Wer hat Angst vor Lokal­politik?

Voller Einsatz für die Kommunalpolitik
Wer hat Angst vor Lokal­politik?
Autorin: Carola Hoffmeister 14.03.2023

Die Politik, insbesondere die Kommunal­politik, verlangt vollen Einsatz von den Beteiligten. Hatespeech und Vorwürfe gehören mitunter zum Alltag. Warum es trotzdem gut ist, sich in seiner Stadt politisch zu engagieren, erklären zwei Frauen aus Tschechien, die an dem Projekt „Taking the fear out of local politics“ der Via Foundation teilgenommen haben – zu deutsch: keine Angst vor Lokal­politik.

Petra Korlaar und Hana Rakšány Dvořáková, das Projekt hat Sie während Ihrer Kandidatur bis zu den Kommunal­wahlen im September 2022 begleitet.

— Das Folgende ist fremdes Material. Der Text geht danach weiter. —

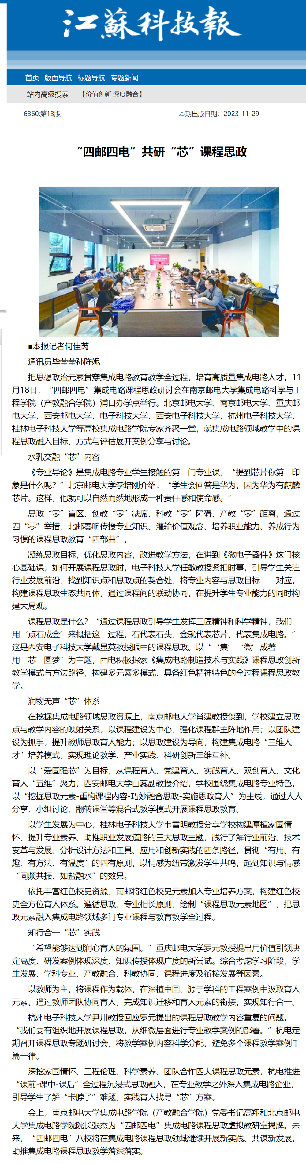 【江苏科技报】“四邮四电”共研“芯”课程思政

Warum? Was haben Lokal­politiker*innen zu befürchten?

Petra Korlaar: 30 Jahre nach der Revolution in Tschechien ist die politische Arbeit hierzulande immer noch stark mit Stigmata behaftet. Zum einen gibt es die Furcht, in der Politik korrumpier­bar zu sein – von Geld, Macht und Beziehungen. Und zum anderen die Angst, Ziel­scheibe zu sein und verantwortlich gemacht zu werden für Missstände, die wir möglicher­weise versuchen, zu beheben.

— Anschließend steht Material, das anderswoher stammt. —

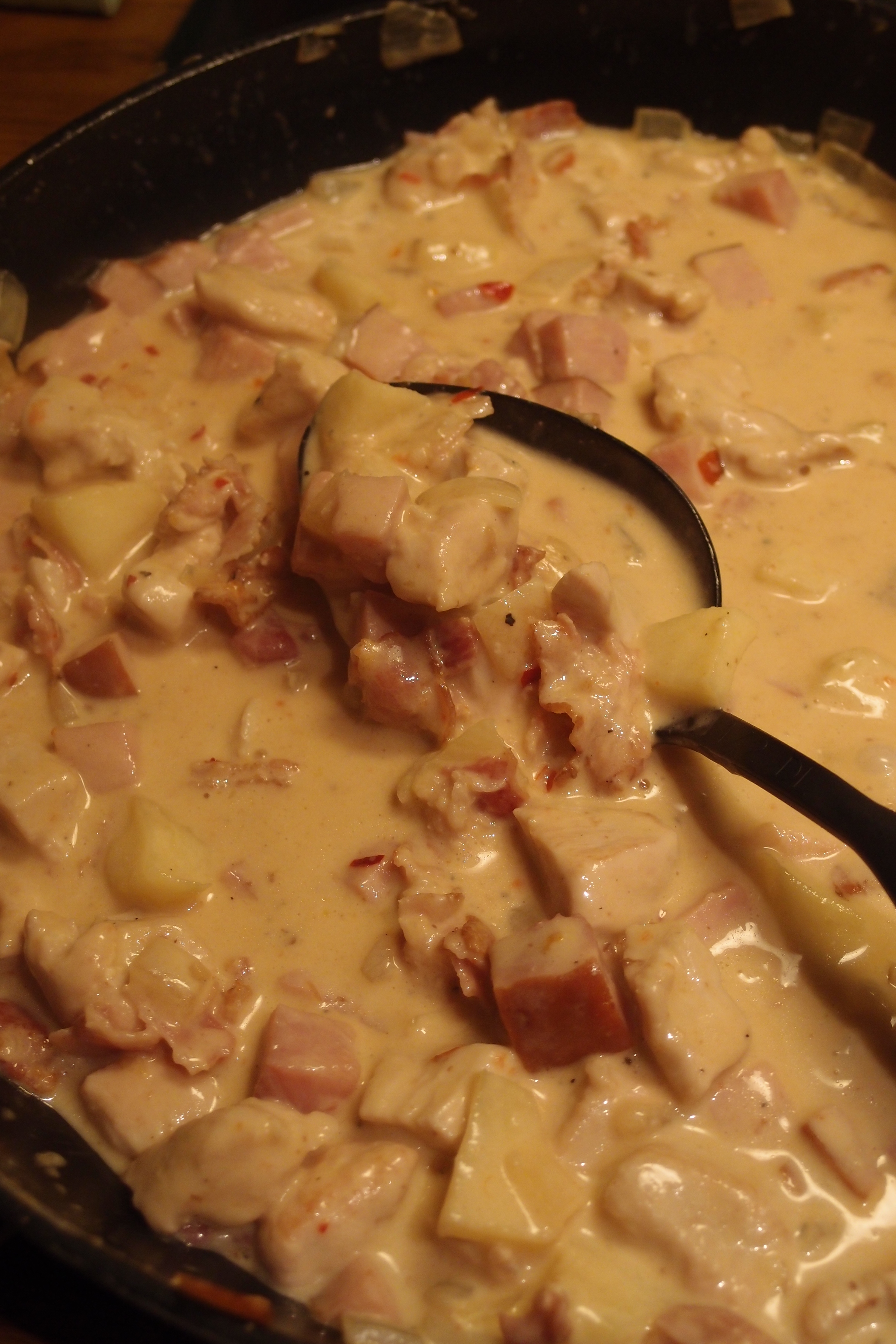 I vanliga fall slänger jag in det här i ugnen men för att slippa värma den i onödan lät jag allt gå klart i pannan. Och det funkade ju finfint, förutom att färgen på ytan blev lite lidande men det störde mig inte alls.

Hana Rakšány Dvořáková: An dem Projekt „Taking the fear out of local politics“ konnten angehende Politiker*innen aus ganz Tschechien teilnehmen, egal ob sie aus kleinen Dörfern wie ich oder größeren Städten stammen. In Bezug auf den Titel habe ich in erster Linie gelernt, dass es nicht darum geht, Politik alleine zu stemmen – als einsame Macht­haber*in an der Spitze. Sondern dass Politik vielmehr Team­arbeit ist und dass wir versuchen sollten, so viele Menschen wie möglich an Bord zu holen.

Petra Korlaar

Petra Korlaar hat zuvor in einer Kunst­galerie mit Schwer­punkt auf abstrakter europäischer Nach­kriegs­kunst gearbeitet. Für ihre elfjährige Tochter macht es bislang noch keinen großen Unterschied, ob Korlaar bei Eröffnungen in einer Galerie oder im Rathaus auf der Bühne steht.

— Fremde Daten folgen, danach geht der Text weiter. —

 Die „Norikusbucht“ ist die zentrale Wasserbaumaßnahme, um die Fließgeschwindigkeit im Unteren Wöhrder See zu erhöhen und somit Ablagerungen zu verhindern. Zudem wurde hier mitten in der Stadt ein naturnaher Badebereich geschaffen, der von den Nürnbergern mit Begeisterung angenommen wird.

Sie haben beide die Wahl gewonnen: Petra, Sie sind nun stellvertretende Bürger­meisterin von Mikulov, einer Stadt in Südmähren in Tschechien, gar nicht weit von der Grenze zu Nieder­österreich entfernt. Hana, Sie sind Bürger­meisterin von Kanice, einer Kleinstadt etwa elf Kilometer von Brno entfernt, der zweit­größten Stadt Tschechiens. Waren Sie schon immer politisch engagiert?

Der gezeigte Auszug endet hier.